By Sunayana Sen
Programme Manager, DARAJA | Resurgence
At the heart of Khartoum, a city of more than 6 million total population, with over 50% living in informal settlements, there is Tuti Island. Tuti Island is located at the confluence of the White Nile and Blue Nile rivers making the location an advantage for agriculture. However, given its location, the island has frequently experienced flooding, which is becoming more intense. Decades of flooding means there is a wealth of indigenous knowledge on flood management in the urban island community. The community has utilised this knowledge to create a flood monitoring, early warning, and response system – the Taya System.
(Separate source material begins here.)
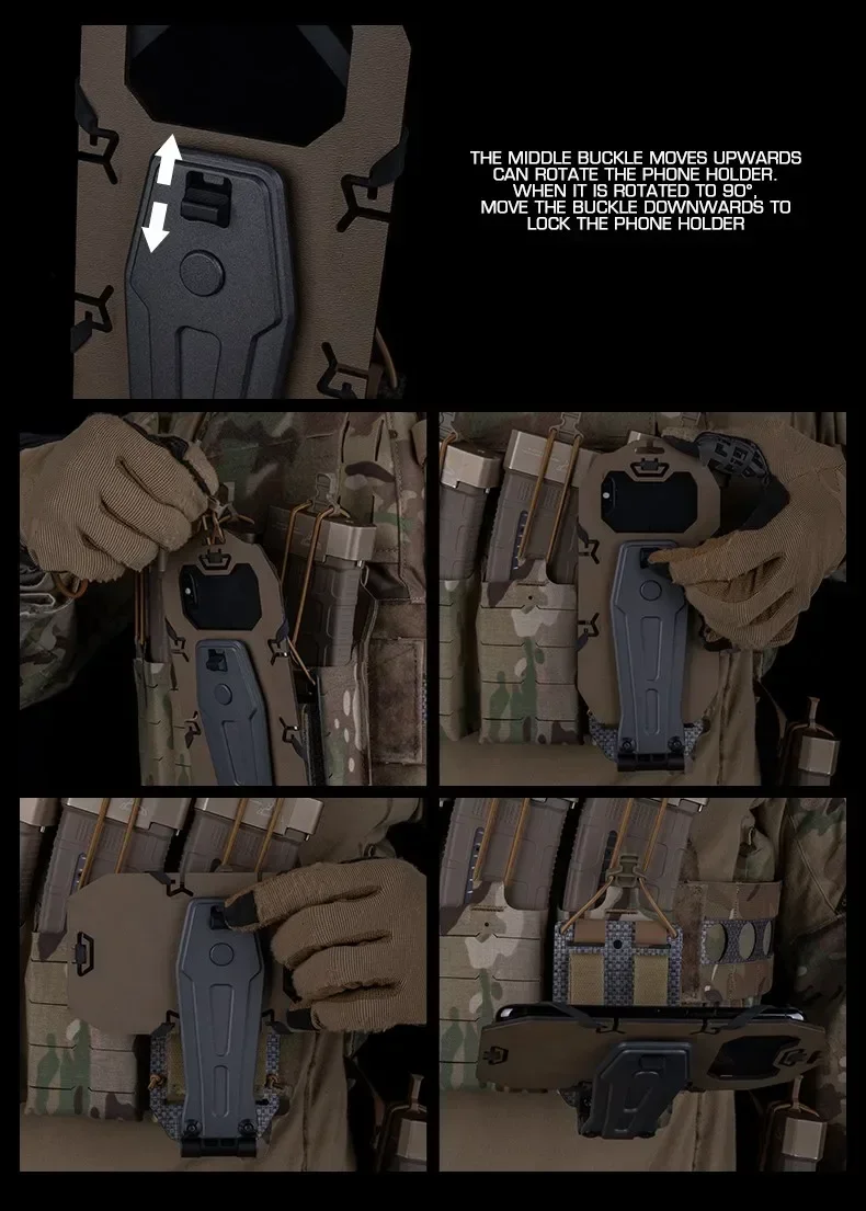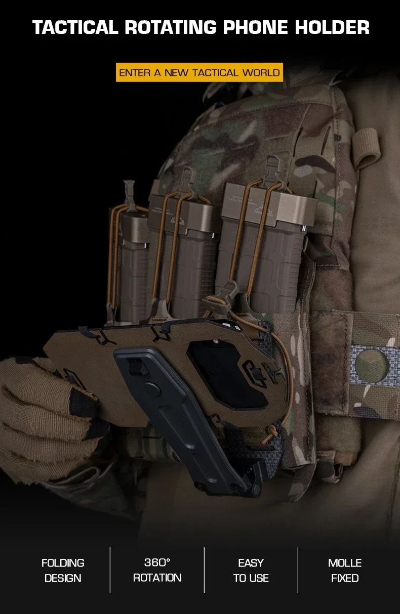 Soporte giratorio táctico para teléfono, tablero táctico para el pecho trasero, adecuado para accesorios de soporte Molle

Indigenous knowledge-based flood management
The Taya system is a community-led indigenous system. It is a network of tents, i.e., Tayas, that are built in the proximity of informal settlements that are highly vulnerable to flooding. The Tayas have multiple functions; primarily they operate as lookout points situated in strategic locations to monitor the river water level and other factors that have been identified as signs of potential flooding. Community members take on the rotational role of monitoring. When the water level crosses a certain threshold, the early warning system (EWS) is triggered, which uses drums, horns, whistles, and calls from mosques, and vital information is passed through the communities that are most likely to be impacted. During flood response, the Tayas are used as a planning and response centre, and even as shelter if possible. The Taya system is an incredible display of community collaboration and empowerment, and an excellent case study on community-led adaption which incorporates indigenous knowledge. Capacity-building of Taya members involves an informal training process using oral transmission of knowledge.
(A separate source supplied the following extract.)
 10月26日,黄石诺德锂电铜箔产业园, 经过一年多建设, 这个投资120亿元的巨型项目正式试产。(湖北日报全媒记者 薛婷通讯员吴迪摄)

Strengthening the Taya system
While the Taya system has served the island well in the past, there is room to strengthen it and make it more effective and efficient and fit for purpose given the climate projections. In 2020, the urban island was devastated by floods, which directly affected over 875,000 people, claimed approximately 120 lives, and generated flood-related damages and losses amounting to over USD $3.34 billion (WorldBank, 2020). In addition to flooding, projections of temperature rise indicate that more extreme temperatures in North Africa will intensify the impacts of drought, greatly affecting the island community’s livelihood. Interestingly, the Taya System has only recently become connected to the Sudanese Civil Defence, but the system relies on its own community rather than the Government. It is entirely self-reliant, and community supported. In 2015, the island community was named a Champion of Disaster Risk Reduction by UNISDR for its approach to flood management.
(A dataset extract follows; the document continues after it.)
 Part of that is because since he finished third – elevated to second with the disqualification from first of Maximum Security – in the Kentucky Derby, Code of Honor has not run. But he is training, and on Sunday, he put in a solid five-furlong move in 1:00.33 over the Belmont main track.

Tuti Island and the Taya system are a unique case for DARAJA. DARAJA’s aim is to improve the resilience of vulnerable communities through better access to and use of weather and climate information (WCI). DARAJA works closely with informal settlement communities, national meteorological services, community development organisations, and a wide range of other key public/ private stakeholders. DARAJA is working with Sudan Urban Development Think Tank (SUDTT) in Khartoum to strengthen the WCI services, including EWS, in vulnerable informal settlements. Some of the questions DARAJA and SUDTT have been discussing regarding systems like Taya are: can the system use low-cost/no-cost digital communication technology; can the system be connected to the national meteorological services’ forecasts; can this system be used as a multi-hazard EWS, including for extreme heat; is this approach replicable in other areas of Khartoum?
Informal settlements beyond Tuti Island
Zooming out from Tuti Island and looking at informal settlements across the city, we find that there is a high proportion of internally displaced persons (IDPs) and poor migrants in the settlements, alongside urban poor. IDP camps were officially created some decades ago but have since expanded in an unplanned manner vis-à-vis the wider city’s growth. Figures reported by CARE and International Organization for Migration (IOM) indicate that over 300,000 IDPs live in the four major camps in Khartoum, while the rest live in squatter settlements, inner city slums, and peripheral slums. Over and above the existing challenges of the impacts of extreme weather in informal settlements, social cohesion is a key issue in such a social setting, which is not exclusive to Khartoum and is seen in various countries. The gender dynamics are also a challenge with low levels of education and literacy among women in these areas. However, there are situations where women are seen to play a key role in resolving local conflicts and providing support to other women in the community. Applying the DARAJA approach to this context will look at the nuanced impacts of extreme weather on the intersectional vulnerable groups. Along with the DARAJA approach, lessons from Tuti Island and Taya system may provide inspiration for community led WCI services and EWS in other informal settlements.